Tell him you wanted 5 and the agreement was 3. That if he's not going to even consider the 3rd child that perhaps marriage counseling will help you figure out what you want to do with your future.

If you want a 3rd child then you should have that opportunity. If he only wants 2 he shouldn't have to fight with you about that missing child.

I'd say you guys will not get past this without some outside intervention that can help both of you see the other's side and have some sort of final compromise.

**************************ETA**********************

On a personal note, I'd feel extremely betrayed. He said all along that he only wanted one or two, got what he wanted, didn't he? Then he's done. So what? He's not the only person in the marriage. What if he'd said he was done after #1? You wouldn't have your daughter.

He is part of your marriage but I'd feel betrayed and angry and resentful. You had an agreement and now that he has what he wanted too bad that you didn't get what you were promised.
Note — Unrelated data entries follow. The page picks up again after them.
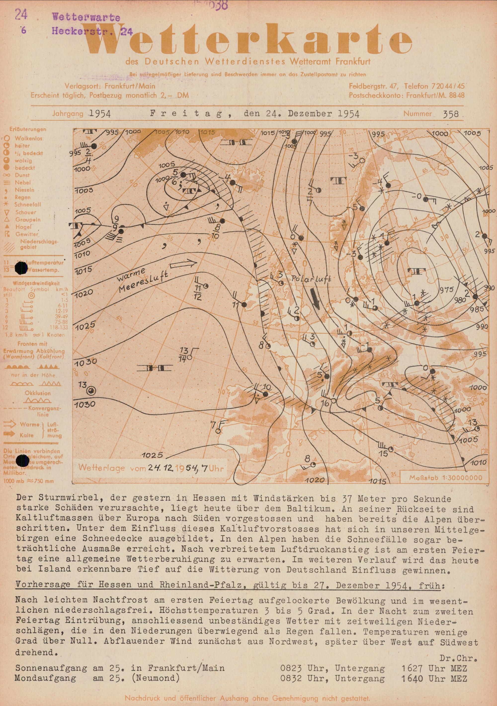 Wetterkarte des Deutschen Wetterdienstes, Wetteramt Frankfurt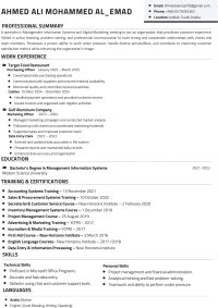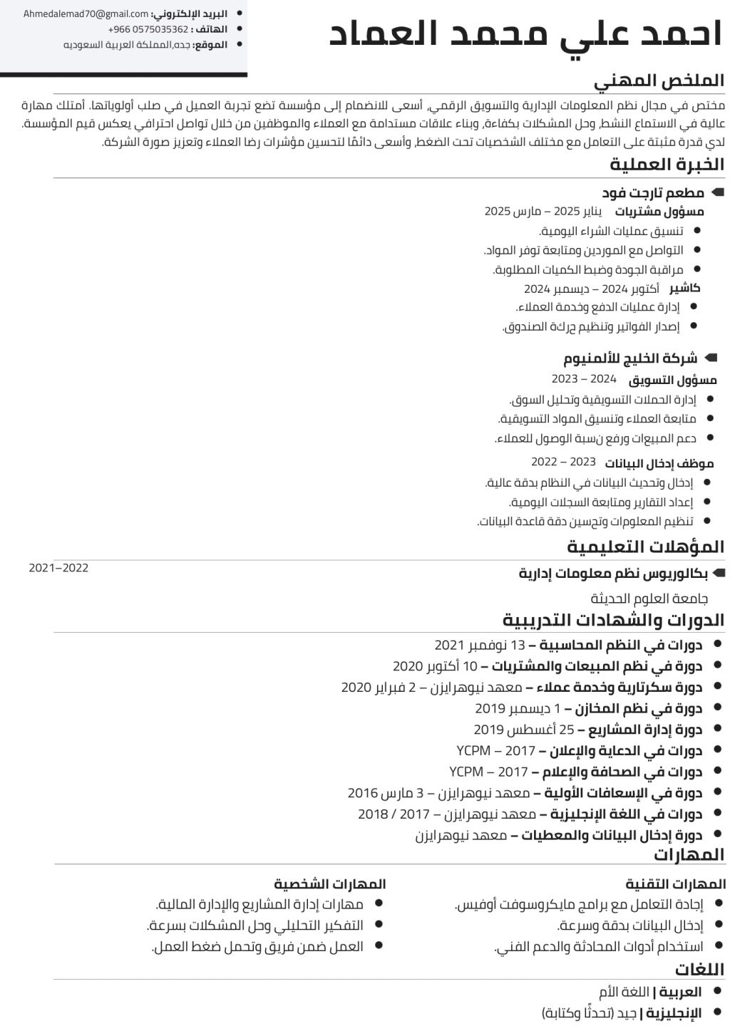 أحمد العماد / 25 سنة/ يمني الجنسية / بكلوريوس نظم معلومات اداريه / لدي خبار في الحاسوب واستخدام برامج الا وفس وفي ادخال البيانات والتسويق الرقمي والميداني أيضا ولدي خبرة في التصوير والم نتاج والتعديل الوني
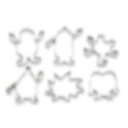 6 stk. kageforme, som er formet som figurerne fra børneserien Babblarna. Brug disse til at bage fine kager til børnefesten med Babblarna som tema. Kageformerne er lavet af stål.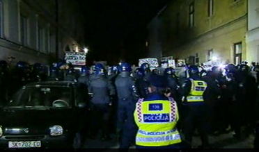 Nakon toga, prosvjednici su iščupali prometne znakove pokušavši njima probiti policijske ograde, no specijalci su pod punom spremom uletjeli među prosvjednike, počeli mlatiti palicama i špricati suzavcem, tako da su neki morali potražiti pomoć kod stanara.

I think counseling is the only way you are going to come to terms with him betraying you, even before you married, and that he is taking away something that he promised you.

He hasn't had an "accident" that damaged the family jewels, he hasn't become impotent, he hasn't had it snipped and clipped, he's fully functioning and has decided for himself AND for you that you don't get what he agreed to and promised before you married him.

Yeah, I'd be angry and pissed and going to counseling and working it out is the ONLY way I'd stay with a man that thought this way.